Hallmarq Veterinary Imaging (MRI systems for use by vets - www.hallmarq.net): development of the companion animal MRI scanner, PetVet (which started two years ago) has been completed, with the first system being delivered to a vet practice in August 2013.
Omega Diagnostics (diagnostics - www.omegadiagnostics.com): in March 2013, £4 million was raised to finance the commercial launch of Visitect CD4, which is a point-of-care diagnostic to assist the management of HIV treatment whilst reducing the total associated costs.
VCT qualifying status
PricewaterhouseCoopers LLP continues to provide the Board with advice on the ongoing compliance with HMRC rules and regulations concerning VCTs. The Board believes that the company continues to comply with the conditions laid down by HMRC for maintaining approval as a VCT.
Outlook
Your Board continues to view the portfolio with confidence and believes that progress within the unquoted portfolio will lead to an overall increase in value, particularly when the more mature companies are able to list their shares. We continue to aspire to the payment of annual dividends of 5p per share, but have not been able to declare a dividend at this level for the time being due to the demands of the current portfolio, in what remains a demanding fundraising environment for young MedTech companies.
James Otter
Chairman
13 August 2013
Investment Review
Investment Portfolio
Unquoted Investments | Investment at cost (£'000) | Unrealised profit/(loss) (£'000) | Carrying value at 30 June 2013 (£'000) | Movement in the six months to 30 June 2013 (£'000) |
Hallmarq Veterinary Imaging Limited | 1,116 | (257) | 859 | - |
OR Productivity Limited | 565 | (101) | 464 | (101) |
Glide Pharmaceutical Technologies Limited | 326 | (12) | 314 | - |
Exosect Limited | 250 | - | 250 | - |
Axon Limited | 300 | (92) | 208 | - |
Insense Limited | 509 | (333) | 176 | - |
Arecor Limited | 127 | 5 | 132 | - |
ImmunoBiology Limited | 868 | (742) | 126 | (23) |
Archimed LLP | 122 | - | 122 | - |
Eykona Technologies Limited | 100 | (72) | 28 | - |
Wound Solutions Limited | 350 | (350) | - | (88) |
Total unquoted investments | 4,633 | (1,954) | 2,679 | (212) |
Quoted Investments | ||||
Scancell plc | 899 | 5,209 | 6,108 | (311) |
Omega Diagnostics plc | 406 | 31 | 437 | 14 |
EKF Diagnostics plc | 260 | 65 | 325 | (29) |
EpiStem Holdings plc | 44 | 157 | 201 | 9 |
Reneuron plc | 50 | (29) | 21 | 2 |
Tristel plc | 55 | (35) | 20 | (9) |
Total quoted investments | 1,714 | 5,398 | 7,112 | (324) |
Total investments | 6,347 | 3,444 | 9,791 | (536) |
Objective and Investment Policy
The Company's objective is to provide shareholders with an attractive income and capital return by investing its funds in a portfolio of unquoted and quoted UK MedTech companies which meet the relevant criteria under the VCT Rules.

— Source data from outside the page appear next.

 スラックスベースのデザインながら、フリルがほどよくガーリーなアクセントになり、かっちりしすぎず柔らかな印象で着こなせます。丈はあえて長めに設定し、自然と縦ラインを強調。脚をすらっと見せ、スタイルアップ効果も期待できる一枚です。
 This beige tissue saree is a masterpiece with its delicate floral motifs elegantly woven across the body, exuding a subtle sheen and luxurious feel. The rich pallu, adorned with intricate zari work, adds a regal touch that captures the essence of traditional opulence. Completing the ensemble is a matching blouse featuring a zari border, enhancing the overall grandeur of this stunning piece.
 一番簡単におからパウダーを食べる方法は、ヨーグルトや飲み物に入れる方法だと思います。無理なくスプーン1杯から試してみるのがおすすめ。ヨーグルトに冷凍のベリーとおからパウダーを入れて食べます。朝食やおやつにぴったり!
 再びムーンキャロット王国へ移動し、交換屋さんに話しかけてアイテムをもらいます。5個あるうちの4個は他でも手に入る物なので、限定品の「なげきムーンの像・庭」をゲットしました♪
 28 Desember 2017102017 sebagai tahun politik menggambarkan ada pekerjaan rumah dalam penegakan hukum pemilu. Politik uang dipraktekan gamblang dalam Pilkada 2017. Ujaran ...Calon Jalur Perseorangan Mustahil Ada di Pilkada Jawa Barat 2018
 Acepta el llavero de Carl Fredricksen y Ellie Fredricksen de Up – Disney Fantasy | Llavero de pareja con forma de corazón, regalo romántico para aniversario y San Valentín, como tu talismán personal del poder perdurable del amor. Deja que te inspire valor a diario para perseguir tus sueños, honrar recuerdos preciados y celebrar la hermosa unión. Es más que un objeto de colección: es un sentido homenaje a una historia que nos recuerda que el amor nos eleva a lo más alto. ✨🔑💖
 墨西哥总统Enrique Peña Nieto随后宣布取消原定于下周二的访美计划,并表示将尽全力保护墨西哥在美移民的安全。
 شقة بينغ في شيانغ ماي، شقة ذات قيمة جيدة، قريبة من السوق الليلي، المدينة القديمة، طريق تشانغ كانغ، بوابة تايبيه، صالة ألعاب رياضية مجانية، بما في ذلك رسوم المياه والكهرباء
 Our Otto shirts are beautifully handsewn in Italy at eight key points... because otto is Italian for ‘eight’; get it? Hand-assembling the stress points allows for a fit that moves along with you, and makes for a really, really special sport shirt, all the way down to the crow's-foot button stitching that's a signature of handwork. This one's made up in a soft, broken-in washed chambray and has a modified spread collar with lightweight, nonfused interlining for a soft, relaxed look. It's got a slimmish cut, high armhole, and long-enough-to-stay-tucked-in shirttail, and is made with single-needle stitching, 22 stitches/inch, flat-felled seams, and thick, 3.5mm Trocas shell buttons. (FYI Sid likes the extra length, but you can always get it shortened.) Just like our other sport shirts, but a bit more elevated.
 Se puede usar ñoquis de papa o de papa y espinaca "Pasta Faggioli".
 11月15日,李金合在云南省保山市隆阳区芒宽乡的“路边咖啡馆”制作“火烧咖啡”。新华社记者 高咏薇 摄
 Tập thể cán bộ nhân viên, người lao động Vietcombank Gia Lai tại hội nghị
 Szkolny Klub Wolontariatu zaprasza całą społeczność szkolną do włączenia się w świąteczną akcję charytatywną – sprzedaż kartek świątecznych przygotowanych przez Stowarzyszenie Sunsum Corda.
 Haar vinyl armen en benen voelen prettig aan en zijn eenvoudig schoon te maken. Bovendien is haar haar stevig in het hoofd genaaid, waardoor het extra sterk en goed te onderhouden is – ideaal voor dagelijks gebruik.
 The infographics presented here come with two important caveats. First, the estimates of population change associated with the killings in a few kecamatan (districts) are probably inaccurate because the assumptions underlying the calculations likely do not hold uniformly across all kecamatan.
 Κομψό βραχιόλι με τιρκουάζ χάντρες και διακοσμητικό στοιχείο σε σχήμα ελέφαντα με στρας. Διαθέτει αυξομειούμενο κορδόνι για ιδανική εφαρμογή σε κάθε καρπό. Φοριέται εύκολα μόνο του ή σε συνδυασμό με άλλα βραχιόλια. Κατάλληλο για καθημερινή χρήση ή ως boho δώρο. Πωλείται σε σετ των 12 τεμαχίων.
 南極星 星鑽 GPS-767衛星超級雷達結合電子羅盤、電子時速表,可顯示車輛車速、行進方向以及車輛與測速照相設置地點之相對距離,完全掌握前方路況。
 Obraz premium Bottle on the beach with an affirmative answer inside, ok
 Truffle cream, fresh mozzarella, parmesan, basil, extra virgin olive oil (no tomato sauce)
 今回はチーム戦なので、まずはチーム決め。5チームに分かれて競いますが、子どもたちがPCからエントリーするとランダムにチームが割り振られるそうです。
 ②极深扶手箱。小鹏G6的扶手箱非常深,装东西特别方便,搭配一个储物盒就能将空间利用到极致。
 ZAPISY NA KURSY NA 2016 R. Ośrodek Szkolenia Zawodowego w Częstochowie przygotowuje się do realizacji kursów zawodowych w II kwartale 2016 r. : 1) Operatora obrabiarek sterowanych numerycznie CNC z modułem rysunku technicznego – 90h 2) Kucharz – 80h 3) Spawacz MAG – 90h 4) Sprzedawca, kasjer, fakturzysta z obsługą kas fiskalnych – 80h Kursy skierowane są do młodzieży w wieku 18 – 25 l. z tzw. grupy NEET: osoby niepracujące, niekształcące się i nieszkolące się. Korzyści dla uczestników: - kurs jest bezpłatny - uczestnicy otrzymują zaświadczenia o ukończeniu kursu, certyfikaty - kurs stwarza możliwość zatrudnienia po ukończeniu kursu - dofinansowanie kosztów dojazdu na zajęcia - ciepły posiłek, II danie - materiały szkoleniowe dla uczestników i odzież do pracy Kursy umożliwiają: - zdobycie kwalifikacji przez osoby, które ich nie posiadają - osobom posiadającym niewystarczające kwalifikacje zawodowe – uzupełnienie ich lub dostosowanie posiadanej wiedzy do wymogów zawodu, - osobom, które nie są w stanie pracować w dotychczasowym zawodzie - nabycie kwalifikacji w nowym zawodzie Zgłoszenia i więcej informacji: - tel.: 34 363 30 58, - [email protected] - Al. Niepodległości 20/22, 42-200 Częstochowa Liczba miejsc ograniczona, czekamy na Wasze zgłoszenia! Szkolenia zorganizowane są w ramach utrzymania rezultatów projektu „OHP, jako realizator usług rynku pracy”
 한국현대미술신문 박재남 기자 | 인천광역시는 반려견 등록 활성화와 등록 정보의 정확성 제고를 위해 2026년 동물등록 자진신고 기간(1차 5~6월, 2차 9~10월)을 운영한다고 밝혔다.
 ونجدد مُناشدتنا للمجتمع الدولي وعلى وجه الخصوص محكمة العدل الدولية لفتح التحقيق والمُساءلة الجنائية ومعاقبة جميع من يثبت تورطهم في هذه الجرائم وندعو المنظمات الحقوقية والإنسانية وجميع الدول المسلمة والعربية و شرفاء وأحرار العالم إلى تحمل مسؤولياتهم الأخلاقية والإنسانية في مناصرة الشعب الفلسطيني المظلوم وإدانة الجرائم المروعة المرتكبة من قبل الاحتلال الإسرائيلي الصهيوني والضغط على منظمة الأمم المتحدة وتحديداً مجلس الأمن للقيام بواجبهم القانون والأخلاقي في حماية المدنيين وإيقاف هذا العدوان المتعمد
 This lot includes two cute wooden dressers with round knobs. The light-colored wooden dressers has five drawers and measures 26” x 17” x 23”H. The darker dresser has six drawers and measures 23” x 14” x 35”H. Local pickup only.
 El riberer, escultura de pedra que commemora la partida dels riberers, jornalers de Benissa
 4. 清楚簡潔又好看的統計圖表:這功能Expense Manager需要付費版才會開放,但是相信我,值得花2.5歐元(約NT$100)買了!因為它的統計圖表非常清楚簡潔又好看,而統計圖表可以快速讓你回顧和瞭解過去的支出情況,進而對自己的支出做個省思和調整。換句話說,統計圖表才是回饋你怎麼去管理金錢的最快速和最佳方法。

The Company's investment policy is designed to deliver absolute returns on its investments rather than a performance measured against the market indices. On an ongoing basis, it is intended that at least 80% of the Company's assets will be invested in qualifying holdings, with the remainder held in cash and money market securities. The Board does not intend to vary the Company's investment policy. However, should a material change be deemed appropriate this will be done with shareholders' approval by the passing of an ordinary resolution and in accordance with the Listing Rules.
The Directors control the overall risk of the portfolio by ensuring that the Company has exposure to a diversified range of quoted and unquoted companies from the MedTech sector. The Directors will continually monitor the investment process and ensure compliance with the investment policy.
Valuation Methodology
Quoted and unquoted investments are valued in accordance with the accounting policy set out on page 32 of the 2012 Annual Report, which takes account of current industry guidelines for the valuation of venture capital portfolios and is compliant with International Private Equity and Venture Capital Valuations guidelines and current financial reporting standards.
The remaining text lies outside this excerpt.